Input data
————————

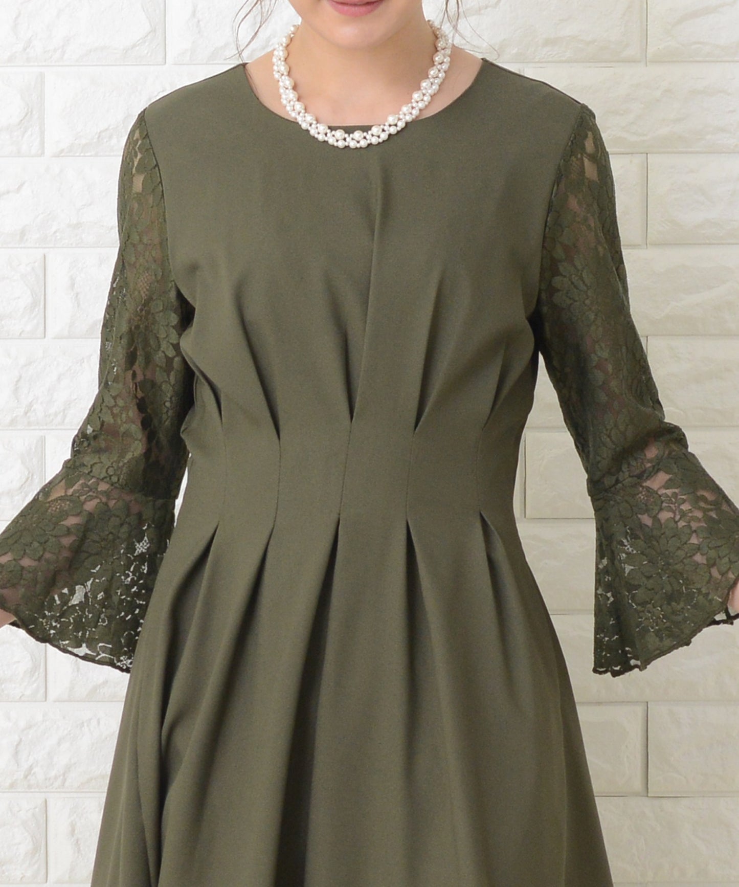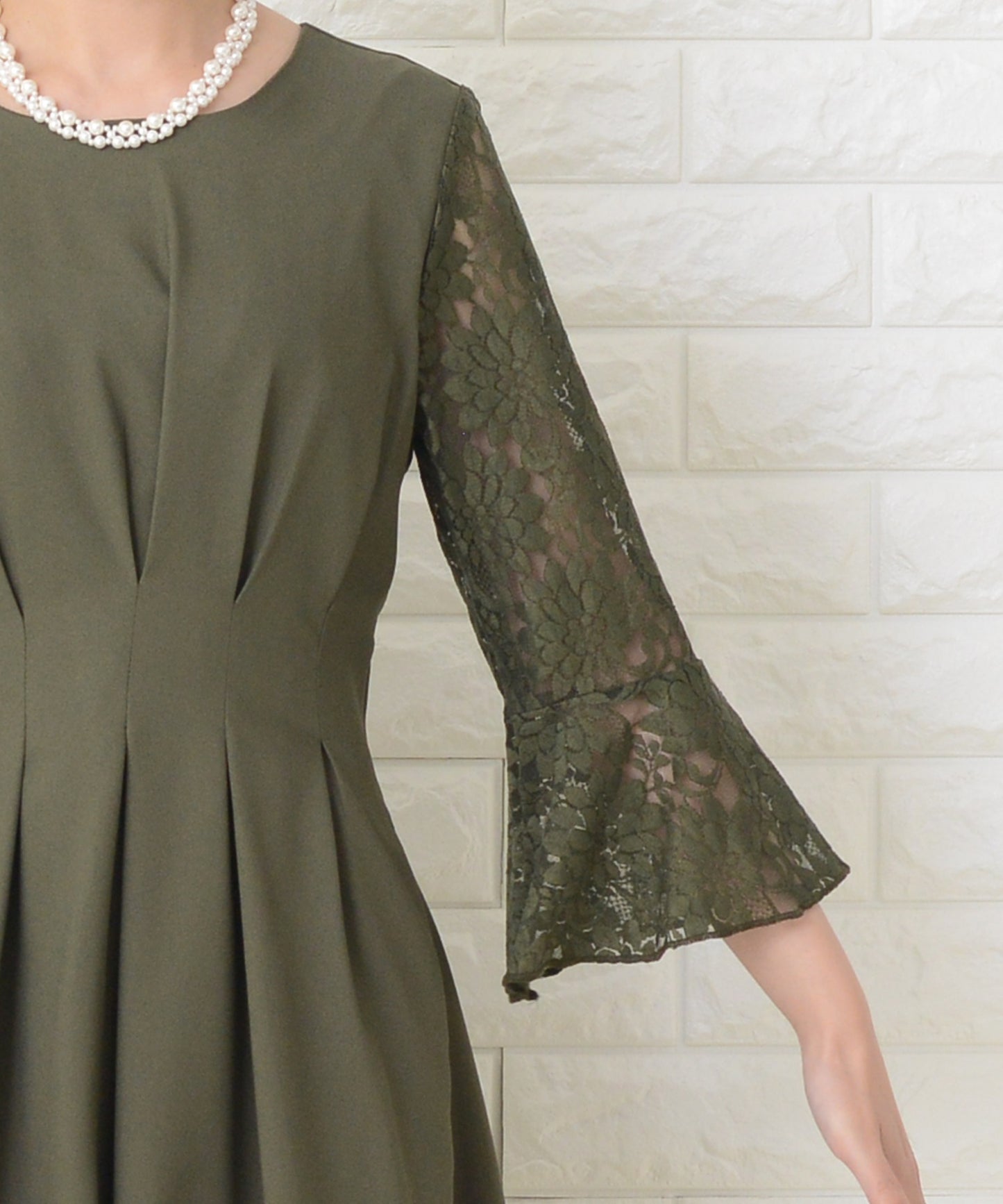 レース 切り替え 6分袖 ナロー ワンピース
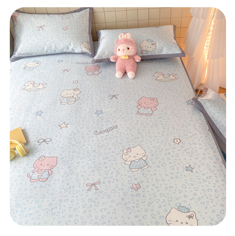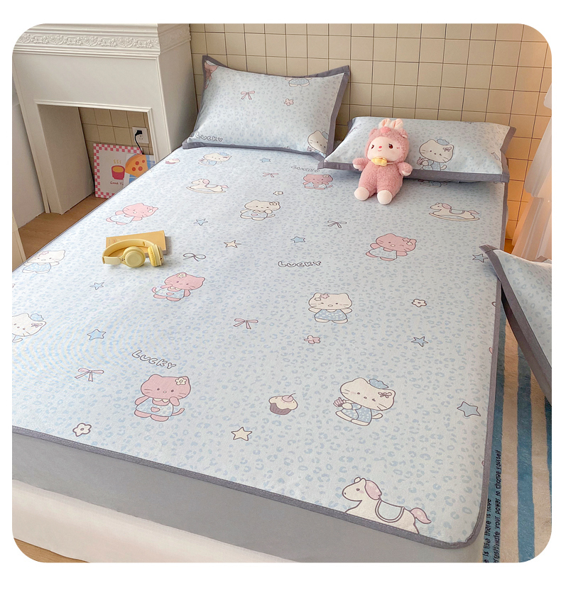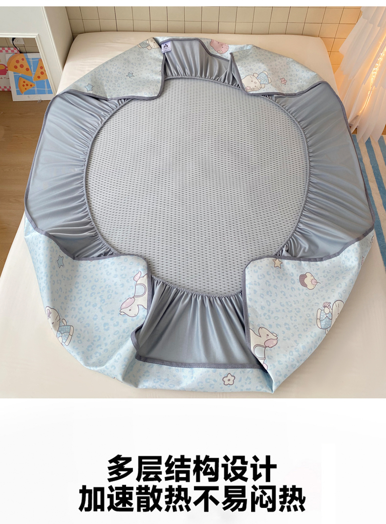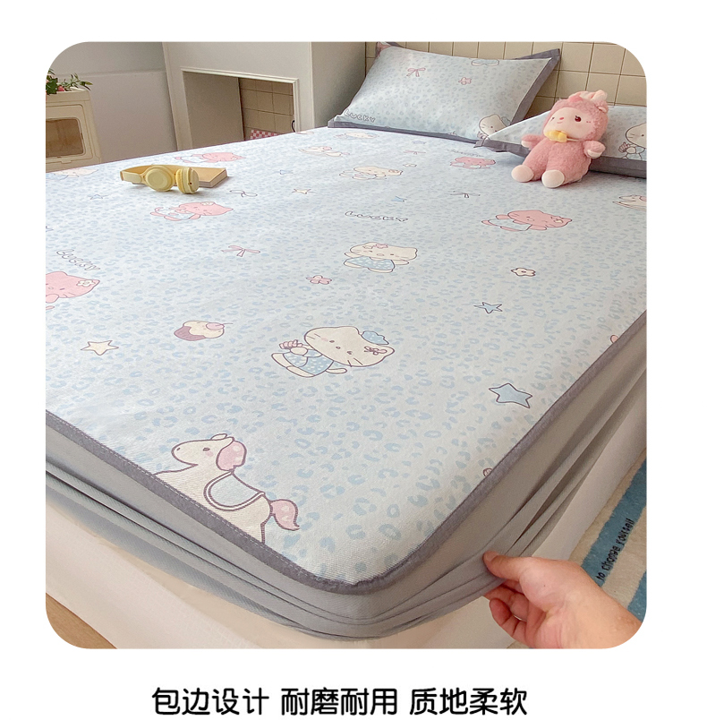 商品名称:金盛纺 2026新款A类数码印花冰丝席(可定制)-床笠款 蓝猫
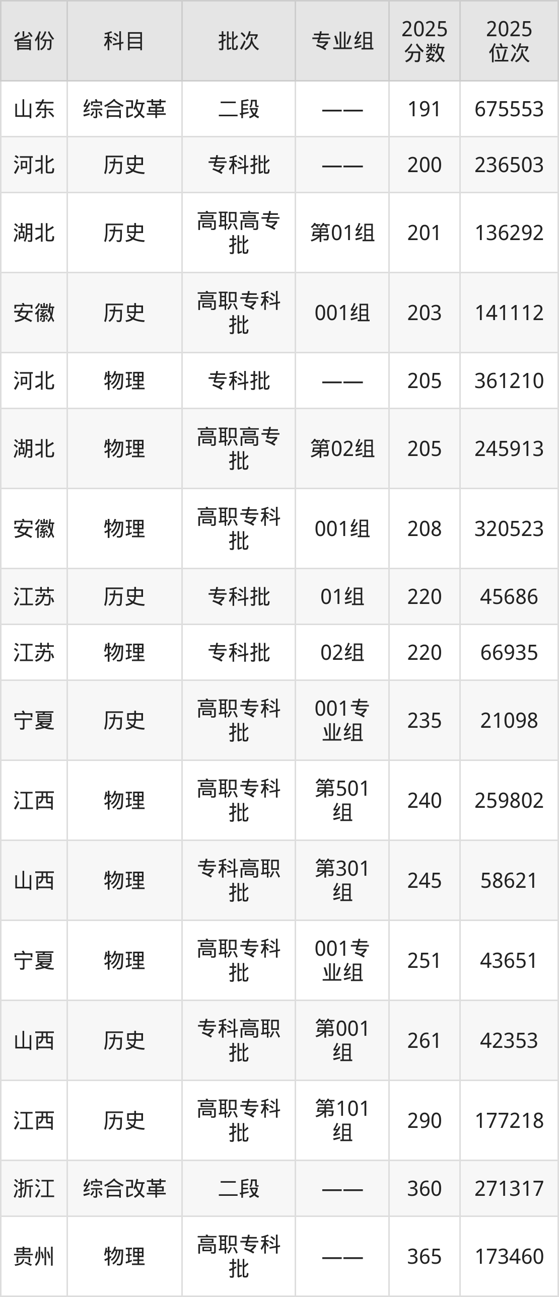 2025年金山职业技术学院在各省普通批录取分数线一览表:

————————

About this task
Repeat the lines above exactly, and keep every picture out.

Exercise output
 レース 切り替え 6分袖 ナロー ワンピース
 商品名称:金盛纺 2026新款A类数码印花冰丝席(可定制)-床笠款 蓝猫
 2025年金山职业技术学院在各省普通批录取分数线一览表:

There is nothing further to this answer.